The right side of the mural shows a maiden and a horse who seem to be communicating with each other. Below there is a young man with an architectural monument model in his hands. The image tells that the arrival of Zoroastrianism brought brotherhood, creativity, peaceful and tranquil life, and harmony in the existence of animals and humans. The mural colours are also meaningful. The coloration is warm and sunny through the use of ochre, yellow, orange, brown, and white. The mural was highly commended by professionals and museum visitors for both its content and workmanship.
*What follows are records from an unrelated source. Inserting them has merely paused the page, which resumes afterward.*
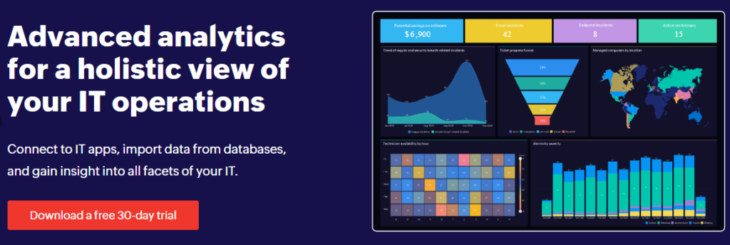 ManageEngine Analytics Plus (MA+) is a powerful business intelligence and IT analytics solution specialized to handle IT data and helps upper management and IT admins keep track of the entire IT environment through its out-of-the-box integration with IT applications, databases, and key products such as ServiceDesk and ServiceNow and Jira Software. MA+ helps by integrating various systems into single-point access to gather data, generate reports, and share insights with stakeholders across your organization.
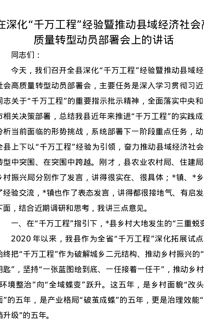 在深化千万工程经验暨推动县域经济社会高质量转型动员部署会上的讲话
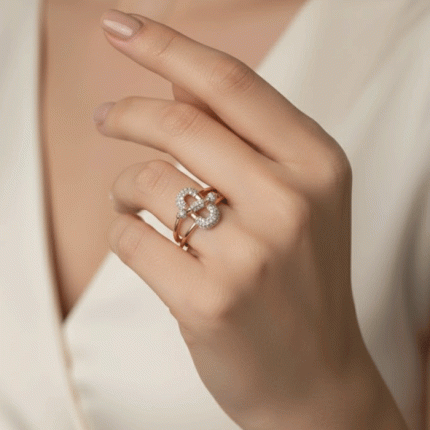Anillo Herraje Elegance Bañado en Oro Italiano 24KT con Circones y Detalle en Oro Blanco
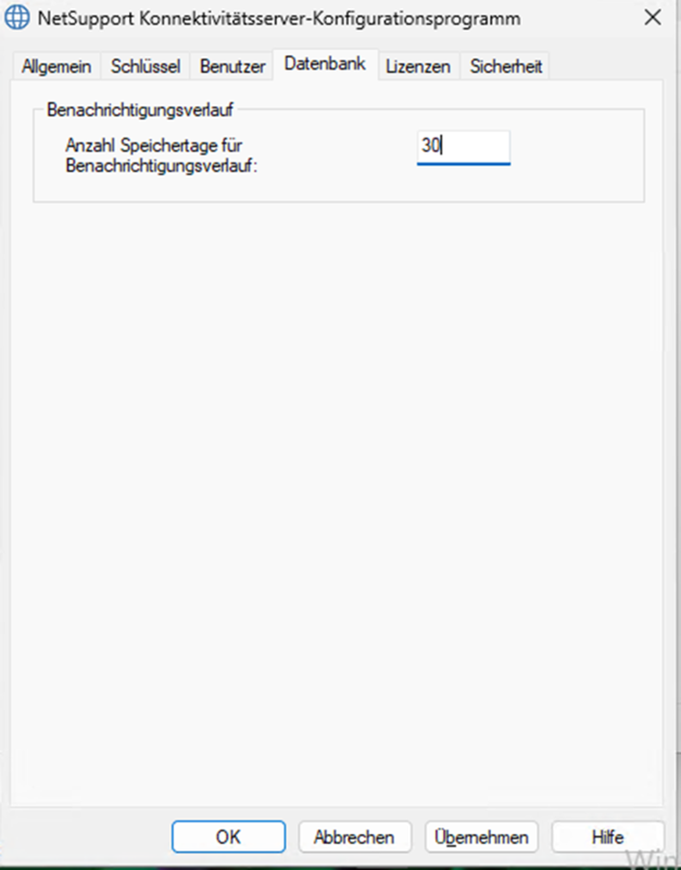 In dem Reiter „Datenbank“ können die Anzahl der Tage eingetragen werden, in dem der Benachrichtigungsverlauf gespeichert werden soll.

Makhmudov is a passionate landscape artist, too: his pieces are marked by soft lyricism and profound poeticism in the scenery he pictures. Particularly interesting are his mountain landscapes reflecting the cycles of nature and its changing appearance that breaths poetic charm and refined pictorial beauty, even despite the pile of huge yellowish-brown rocks that broke from the cliff on the background of mountain peaks drowning in a purple haze. One can see poplar trees flecked by autumnal gold, bowing their tops in the wind. These are the “Early Spring”, “In the Mountains of Khojikent”, “Autumn in Khojikent”, “Autumn”, “The Golden Fall”, “Poplar Trees”, “Sunset”… One can feel suspense in “Aktash”, with its gurgling stream breaking through the jumble of boulders and lush vegetation in the background. Through the seemingly insignificant details the artist can show the presence of life in this harsh mountain environment.
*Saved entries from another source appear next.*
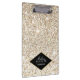 Coordinates with the Champagne Gold Glitter and Glamour Business Card Template by 1201AM. A festive champagne gold glitter background image provides a glamourous backdrop to this personalised clipboard design. Your name or business name is elegantly styled in a faux gold trimmed nameplate on the front. © 1201AM Design Studio
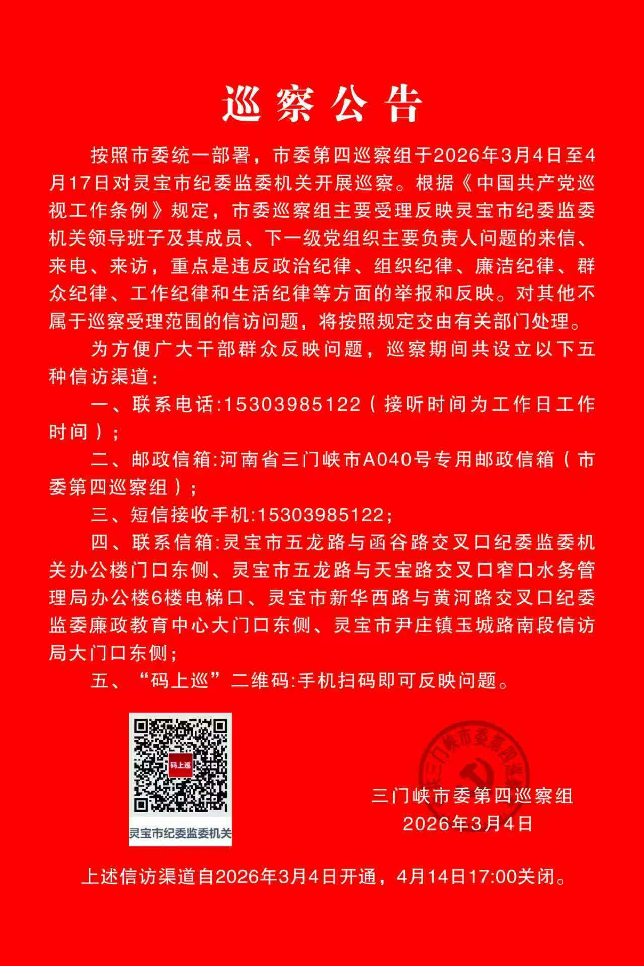 三门峡市委第四巡察组于2026年3月4日开始对灵宝市纪委监委机关开展为期45天的提级巡察。巡察组设置了联系电话、邮政信箱、短信接收手机、联系信箱、“码上巡”二维码等多种渠道接收各类信访信息,信访渠道已于3月4日开通,4月14日17:00关闭。
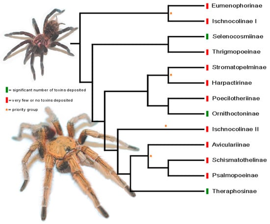 Priority groups for venom-based biodiscovery programs assigned to the tarantula tree of life, encompassing the 12 so far phylogenetically assessed subfamilies within Theraphosidae (cladogram based on [29]). The subfamilies Ornithoctoninae, Selenocosmiinae, and Theraphosinae dominate in terms of deposited toxin sequences (green), whereas little or no information is available for the other subfamilies (red). Entire theraphosid clades, representing major radiations within the family, are almost completely unrepresented and are therefore considered priority groups (red asterisk), including the clade of Eumenophorinae and Ischnocolinae, the African clade of Harpactirinae and Stromatopelminae, and the non-theraphosine new-world tarantulas. Note that the subfamily Ischnocolinae is paraphyletic and therefore appears twice in the phylogeny.
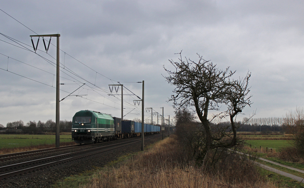 223 141 fuhr am 08.02.2013 mit einem Containerzug aus dem Süden nach Emden, hier bei Veenhusen.
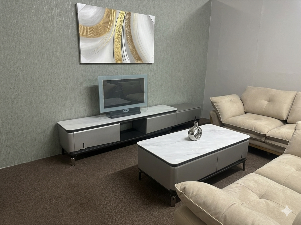 SET (klub stol + tv komoda) Dimenzije tv komode (šxdv): 207-260x34,5x49,5 cm Dimenzije klub stola (šxdxv): 130x68x50 cm

Mahmudov is also skilled in making portraits and subject paintings. His keen artistic perception of reality can be sensed not only in coloration, texture and brush-stroke movement, but also in his moral valuation and associative depth of his characters. Gentle ballerina in a pink tutu, getting ready to go on stage – this work shown at the 2008 exhibition earned Mahmudov the “Mentor and Student” diploma. Romantic painting “Song” glows in golden-yellow shades; it shows a young man in a white turban sitting in the garden on a rug, holding a dutar in one hand, while his other arm, bent at the elbow and raised, is holding a nightingale. The young man is wearing a gown and a charm around his neck. Next to him there are green beads in a cube-shape chalice. The artist used an unusual device by showing unnaturally elongated neck turned towards the bird that greets the dawn with its singing. Dark silhouettes of the watering horses are clearly painted on the background of the blue river and waves lapping on the shore.